Six months after the release of Windows 8, Microsoft’s top Windows executives Julie Larson-Green and Tami Reller have been forced to explain some of the design decisions that went into it.
For instance, why did Microsoft kill the Start button from the “desktop mode,” when so many people were upset about the change? And is to coming back? (Answer: Microsoft is talking about it, but won’t commit to it.)
Remember, Larson-Green previously worked on Microsoft Office where she was involved in another design decision that baffled loyal Office users: replacing the classic menus with Ribbon menus, forcing users to relearn how to find all of the software’s commands and features.
Last week, speaking at the 2013 WIRED Business Conference in New York, Larson-Green explained how Microsoft thinks about product design:
‘We’re principled in the direction that we’re heading but we’re not going to be stubborn.
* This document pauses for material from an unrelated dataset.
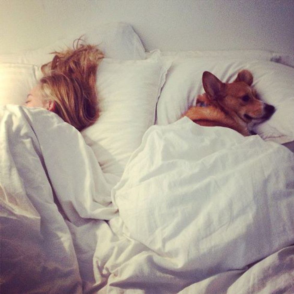 There is nowhere else the dogs are allowed to sleep other than in her bed, so she's used to sharing it. She'll make room for you, but don't expect her to take the dog out of her bed.

It’s not to spite you.”
Today, Tami Reller, Windows marketing chief and CFO, speaking at the JP Morgan Technology conference, added:
“When you have 1.3 billion customers using your product … you need to have a vision … so that you have everyone working on Windows, including the eco-system, knows where you’re headed and can go there with you. But that doesn’t mean you aren’t listening consistently and constantly … to what customers are asking for.”
Reller said that the Windows team has already released 739 updates to Windows 8.
We’ll soon see how well the Windows team is really listening. Windows 8.1, code-named Windows Blue, will be previewed in June and everyone is hoping it fixes the design changes that have most annoyed users.